ASSIGNED TASK:
Every line from the start of the records through the line with "3月2日,在纽约拉瓜迪亚机场,飞机停落在停机坪上。新华社记者谷欣容摄" is to be written out exactly; pictures are not.
---------- RECORDS SUPPLIED
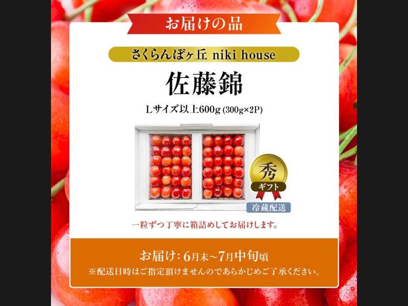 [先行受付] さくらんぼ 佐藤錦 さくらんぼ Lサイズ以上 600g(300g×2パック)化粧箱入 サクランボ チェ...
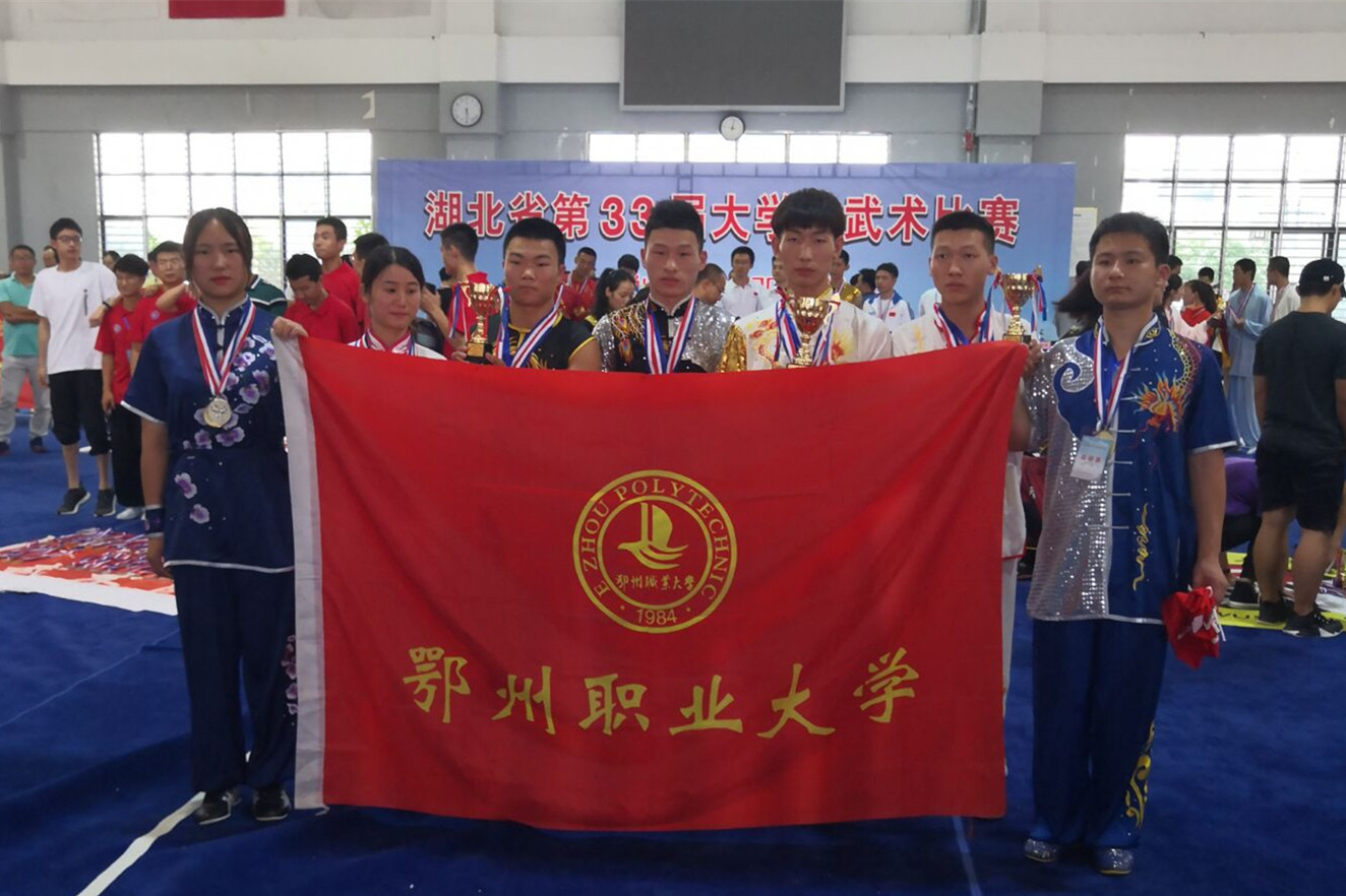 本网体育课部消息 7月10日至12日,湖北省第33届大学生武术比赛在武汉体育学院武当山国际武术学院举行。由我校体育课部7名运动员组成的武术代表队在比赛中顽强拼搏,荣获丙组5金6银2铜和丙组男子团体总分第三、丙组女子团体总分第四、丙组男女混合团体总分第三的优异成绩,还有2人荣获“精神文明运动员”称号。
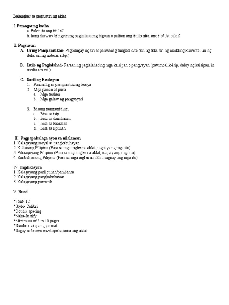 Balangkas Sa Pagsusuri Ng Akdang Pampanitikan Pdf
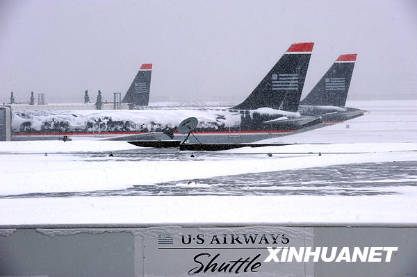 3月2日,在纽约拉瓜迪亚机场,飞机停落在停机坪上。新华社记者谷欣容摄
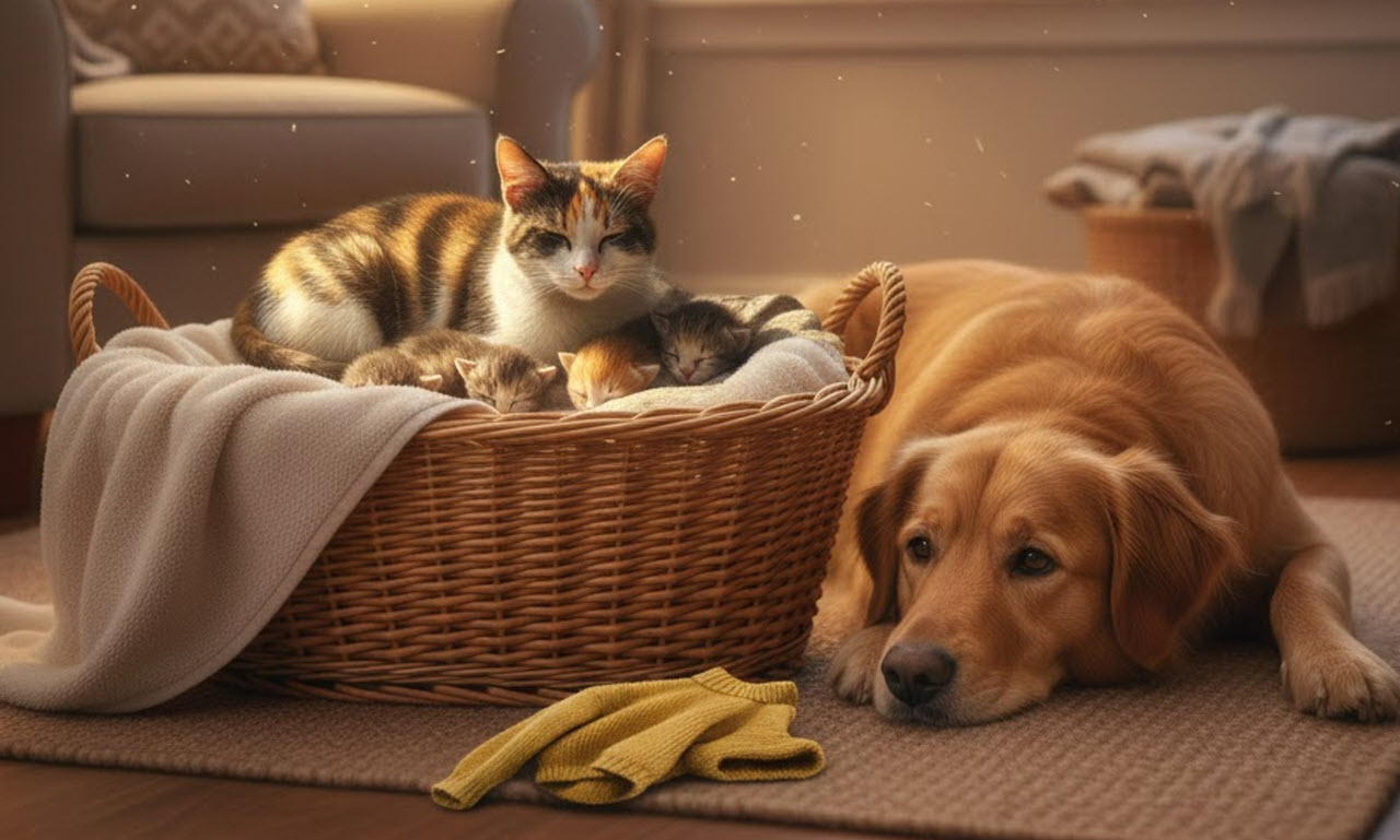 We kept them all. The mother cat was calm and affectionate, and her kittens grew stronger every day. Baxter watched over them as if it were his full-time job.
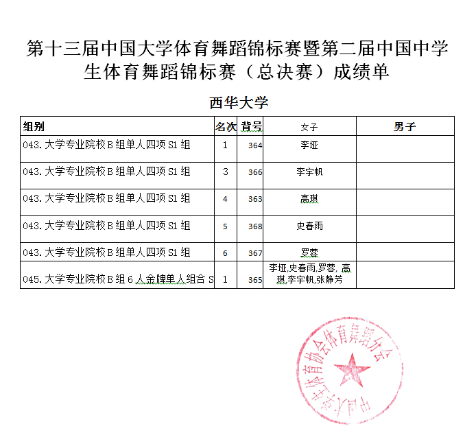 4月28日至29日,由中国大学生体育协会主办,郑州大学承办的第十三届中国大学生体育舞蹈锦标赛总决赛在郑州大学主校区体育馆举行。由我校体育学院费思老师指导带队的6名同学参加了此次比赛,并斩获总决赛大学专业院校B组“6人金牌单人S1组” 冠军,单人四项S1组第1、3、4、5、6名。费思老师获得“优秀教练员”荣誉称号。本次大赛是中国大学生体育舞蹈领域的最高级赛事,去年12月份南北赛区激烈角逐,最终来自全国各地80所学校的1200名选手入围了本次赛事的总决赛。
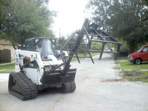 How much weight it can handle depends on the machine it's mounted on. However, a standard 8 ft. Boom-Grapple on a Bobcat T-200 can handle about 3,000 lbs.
--------------------
EXERCISE RESPONSE:
 [先行受付] さくらんぼ 佐藤錦 さくらんぼ Lサイズ以上 600g(300g×2パック)化粧箱入 サクランボ チェ...
 本网体育课部消息 7月10日至12日,湖北省第33届大学生武术比赛在武汉体育学院武当山国际武术学院举行。由我校体育课部7名运动员组成的武术代表队在比赛中顽强拼搏,荣获丙组5金6银2铜和丙组男子团体总分第三、丙组女子团体总分第四、丙组男女混合团体总分第三的优异成绩,还有2人荣获“精神文明运动员”称号。
 Balangkas Sa Pagsusuri Ng Akdang Pampanitikan Pdf
 3月2日,在纽约拉瓜迪亚机场,飞机停落在停机坪上。新华社记者谷欣容摄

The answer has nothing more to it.